LDA JSTY               \ Fetch A from JSTY so the next instruction has no
\ effect

.DK13

STA JSTY               \ Store A in JSTY to update the current pitch rate

.DK15

LDX JSTX               \ Set X = JSTX, the current roll rate (as shown in the
\ RL indicator on the dashboard)

LDA #7                 \ Set A to 7, which is the amount we want to alter the
\ roll rate by if the roll keys are being pressed

LDY KL+3               \ If the "<" key is being pressed, then call the BUMP2
BEQ P%+5               \ routine to increase the roll rate in X by A
JSR BUMP2

LDY KL+4               \ If the ">" key is being pressed, then call the REDU2
BEQ P%+5               \ routine to decrease the roll rate in X by A, taking
JSR REDU2              \ the keyboard auto re-centre setting into account

STX JSTX               \ Store the updated roll rate in JSTX

ASL A                  \ Double the value of A, to 14

LDX JSTY               \ Set X = JSTY, the current pitch rate (as shown in the
\ DC indicator on the dashboard)

LDY KL+5               \ If the "X" key is being pressed, then call the REDU2
BEQ P%+5               \ routine to decrease the pitch rate in X by A, taking
JSR REDU2              \ the keyboard auto re-centre setting into account

LDY KL+6               \ If the "S" key is being pressed, then call the BUMP2
BEQ P%+5               \ routine to increase the pitch rate in X by A
JSR BUMP2

STX JSTY               \ Store the updated roll rate in JSTY

\ Fall through into DK4_FLIGHT to scan for other keys

Type: Subroutine
Category: Keyboard
Summary: Scan for pause, configuration and secondary flight keys (flight
version)
Context: See this subroutine on its own page
References: This subroutine is called as follows:
* DKJ1 calls DK4_FLIGHT
* DOKEY_FLIGHT calls DK4_FLIGHT

.DK4_FLIGHT

JSR RDKEY              \ Scan the keyboard for a key press and return the
\ internal key number in X (or 0 for no key press)
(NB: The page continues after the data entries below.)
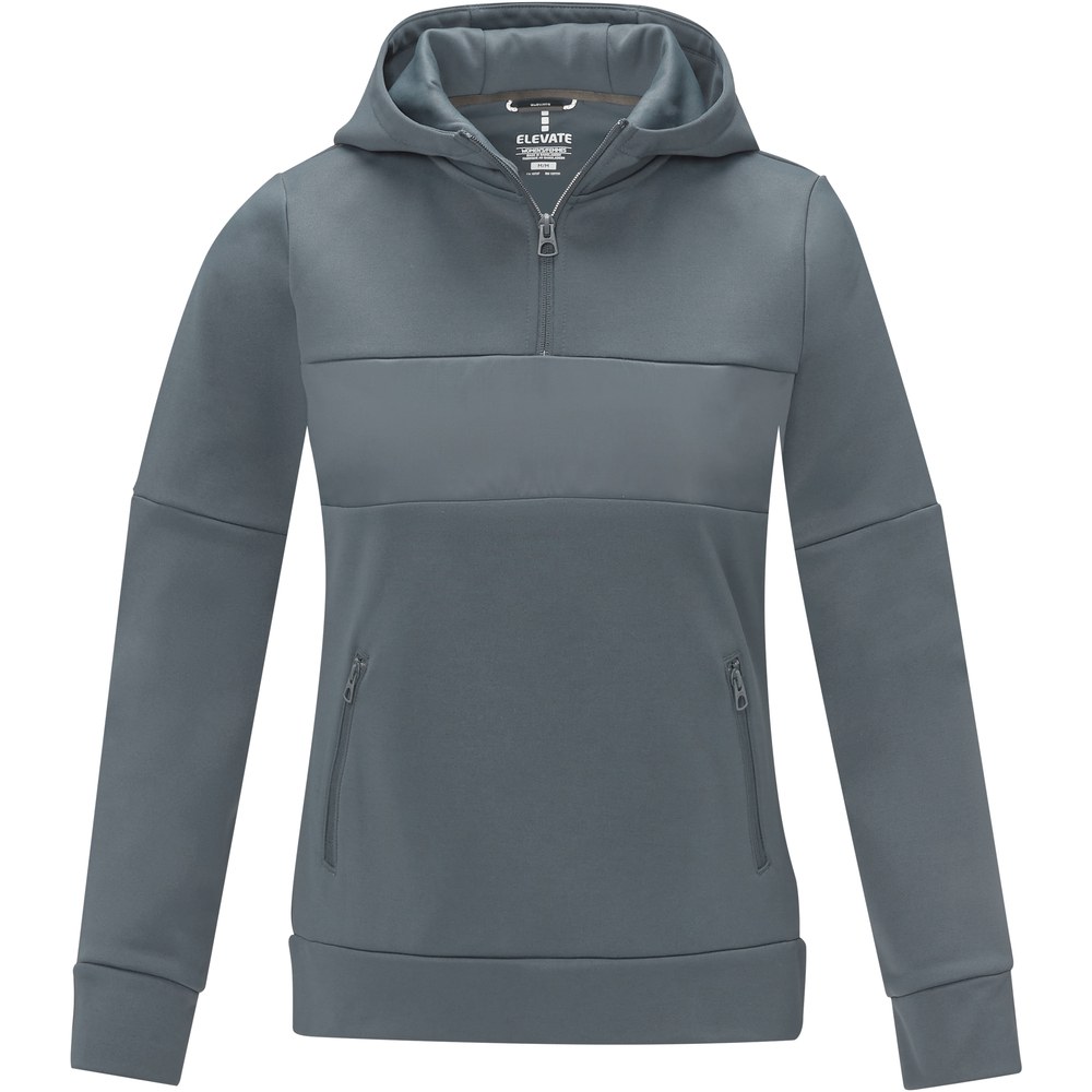 La felpa con cappuccio anorak a mezza zip da donna Sayan è una combinazione unica di prestazioni e stile. Il design a giacca a vento combina perfettamente moda e funzionalità, con un quarto di zip per una maggiore versatilità nella vestizione. Realizzata in una mix di 350 g/m² di poliestere e maglia Sorona®. La fibra Sorona® migliora l'eco-compatibilità della giacca incorporando un elemento sostenibile senza compromettere le prestazioni. Il tessuto a contrasto sul pannello frontale, realizzato in nylon ripstop 280T, arricchisce il design con la sua resistenza e consistenza ed è il luogo ideale per mostrare il tuo marchio. Che tu stia affrontando un'avventura all'aria aperta o semplicemente la tua routine quotidiana, la felpa con cappuccio Sayan combina senza sforzo moda e funzionalità. Questa felpa è disegnata con una forma aderente per un look femminile.
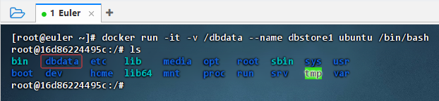 docker run -v /dbdata --name dbstore1 ubuntu /bin/bash,进入容器后,执行命令:ls
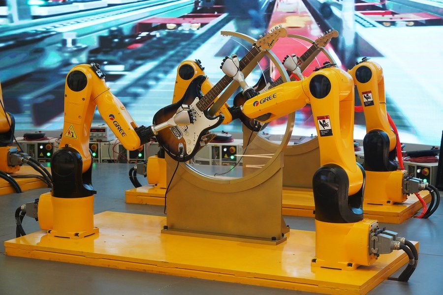 在贛州市格力小鎮(zhèn),機器人樂隊演奏音樂。新華社記者 萬象攝
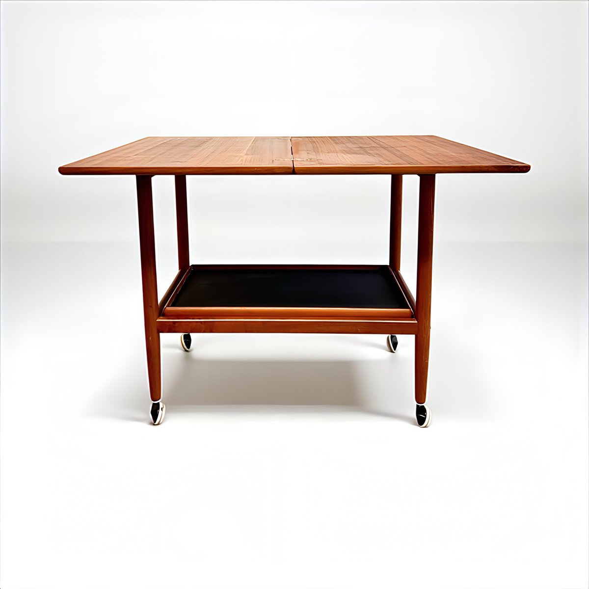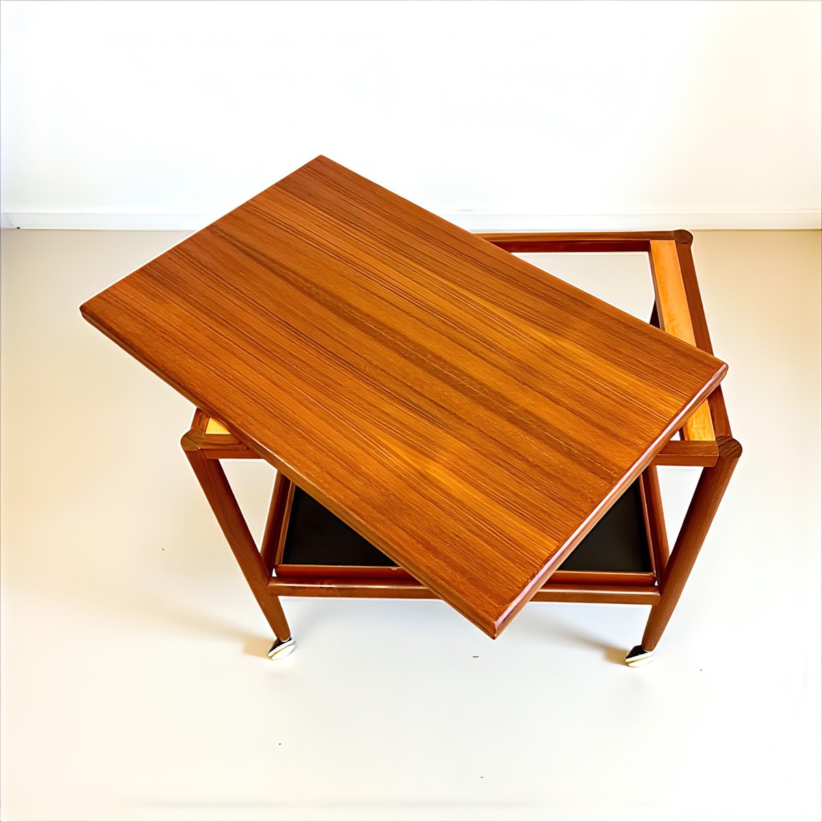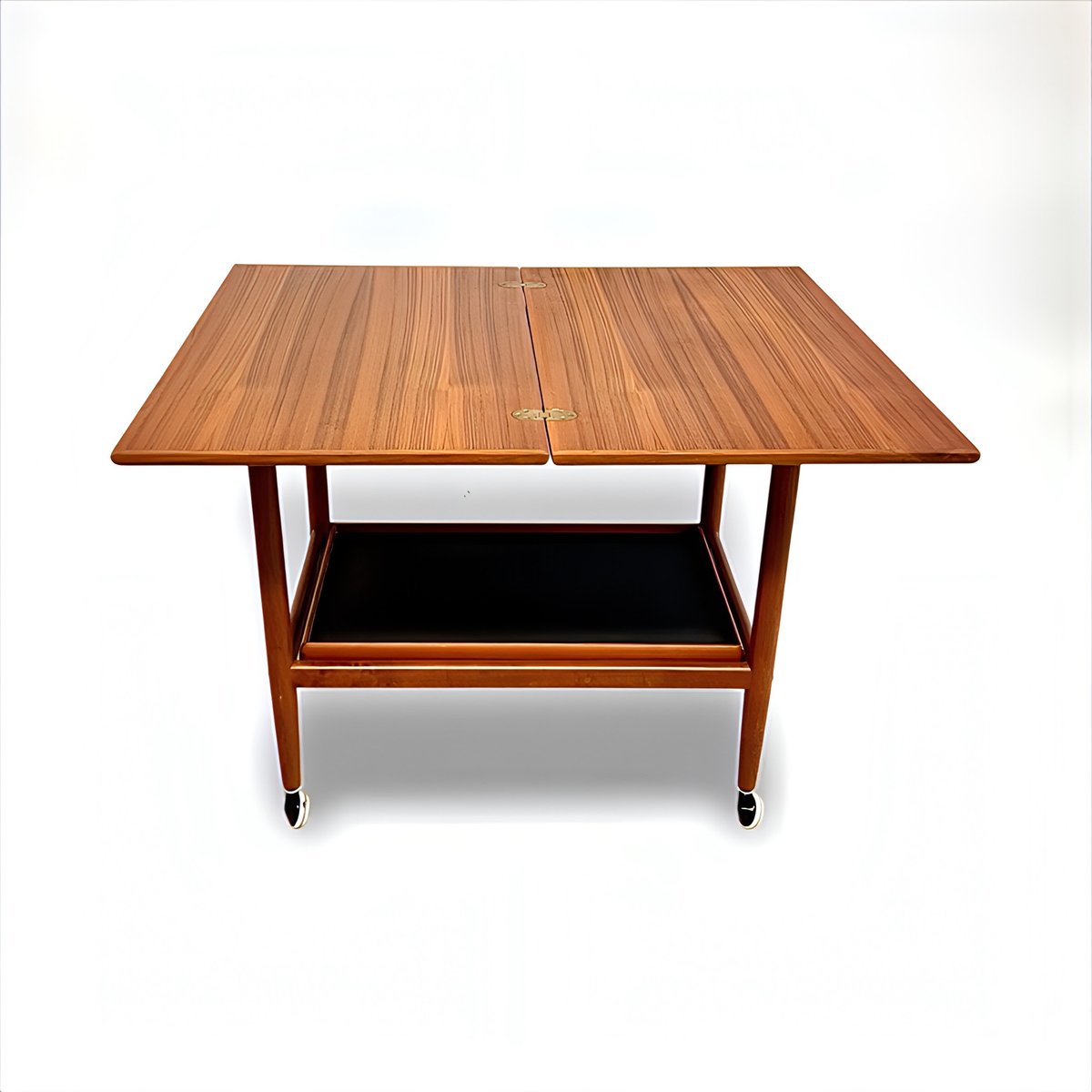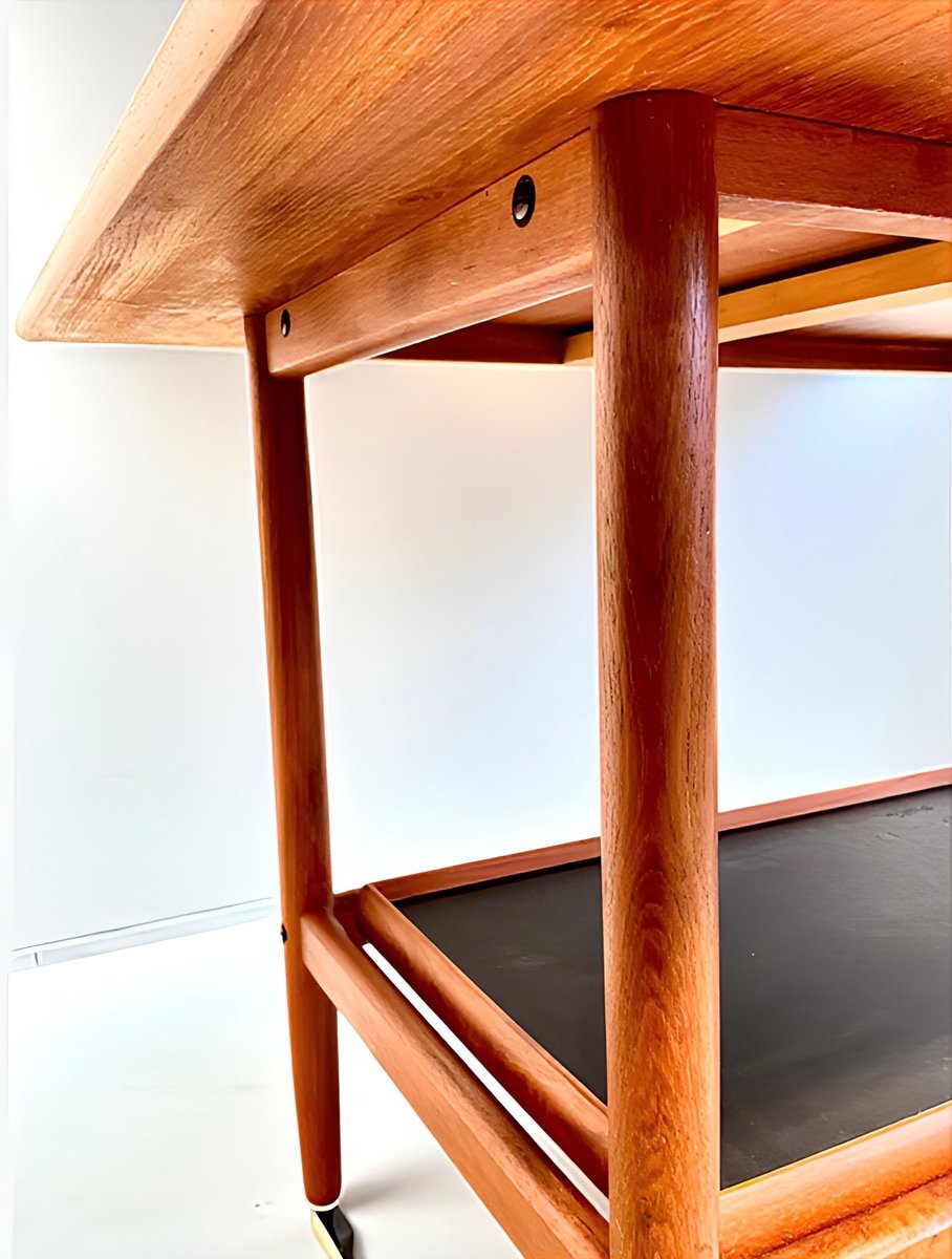Mid-Century Modern Teak Folding Side Table or Serving Trolley with Brass Fittings attributed to Arrebo Mobler, Denmark, 1960s

STX KL                 \ Store X in KL, byte #0 of the key logger

CPX #&69               \ If COPY is not being pressed, jump to DK2_FLIGHT
BNE DK2_FLIGHT         \ below, otherwise let's process the configuration
\ keys

.FREEZE_FLIGHT

\ COPY is being pressed, so we enter a loop that
\ listens for configuration keys, and we keep looping
\ until we detect a DELETE key press. This effectively
\ pauses the game when COPY is pressed, and unpauses
\ it when DELETE is pressed

JSR WSCAN              \ Call WSCAN to wait for the vertical sync, so the whole
\ screen gets drawn

JSR RDKEY              \ Scan the keyboard for a key press and return the
\ internal key number in X (or 0 for no key press)

CPX #&51               \ If "S" is not being pressed, skip to DK6_FLIGHT
BNE DK6_FLIGHT

LDA #0                 \ "S" is being pressed, so set DNOIZ to 0 to turn the
STA DNOIZ              \ sound on

.DK6_FLIGHT

LDY #&40               \ We now want to loop through the keys that toggle
\ various settings. These have internal key numbers
\ between &40 (CAPS LOCK) and &46 ("K"), so we set up
\ the first key number in Y to act as a loop counter.
\ See subroutine DKS3 for more details on this

.DKL4_FLIGHT

JSR DKS3               \ Call DKS3 to scan for the key given in Y, and toggle
\ the relevant setting if it is pressed

INY                    \ Increment Y to point to the next toggle key

CPY #&48               \ The last toggle key is &47 (@), so check whether we
\ have just done that one

BNE DKL4_FLIGHT        \ If not, loop back to check for the next toggle key

CPX #&10               \ If "Q" is not being pressed, skip to DK7_FLIGHT
BNE DK7_FLIGHT

STX DNOIZ              \ "Q" is being pressed, so set DNOIZ to X, which is
\ non-zero (&10), so this will turn the sound off

.DK7_FLIGHT

CPX #&70               \ If ESCAPE is not being pressed, skip over the next
BNE P%+5               \ instruction

JMP DEATH2             \ ESCAPE is being pressed, so jump to DEATH2 to end
\ the game

\CPX #&37               \ These instructions are commented out in the original
\BNE dont_dump          \ source
\JSR printer
\.dont_dump

CPX #&59               \ If DELETE is not being pressed, we are still paused,
BNE FREEZE_FLIGHT      \ so loop back up to keep listening for configuration
\ keys, otherwise fall through into the rest of the
\ key detection code, which unpauses the game

.DK2_FLIGHT

LDA QQ11               \ If the current view is non-zero (i.e. not a space
BNE DK5                \ view), return from the subroutine (as DK5 contains
\ an RTS)

LDY #16                \ This is a space view, so now we want to check for all
\ the secondary flight keys. The internal key numbers
\ are in the keyboard table KYTB from KYTB+8 to
\ KYTB+16, and their key logger locations are from KL+8
\ to KL+16. So set a decreasing counter in Y for the
\ index, starting at 16, so we can loop through them

.DKL1_FLIGHT

JSR DKS1               \ Call DKS1 to see if the KYTB key at offset Y is being
\ pressed, and set the key logger accordingly

DEY                    \ Decrement the loop counter

CPY #7                 \ Have we just done the last key?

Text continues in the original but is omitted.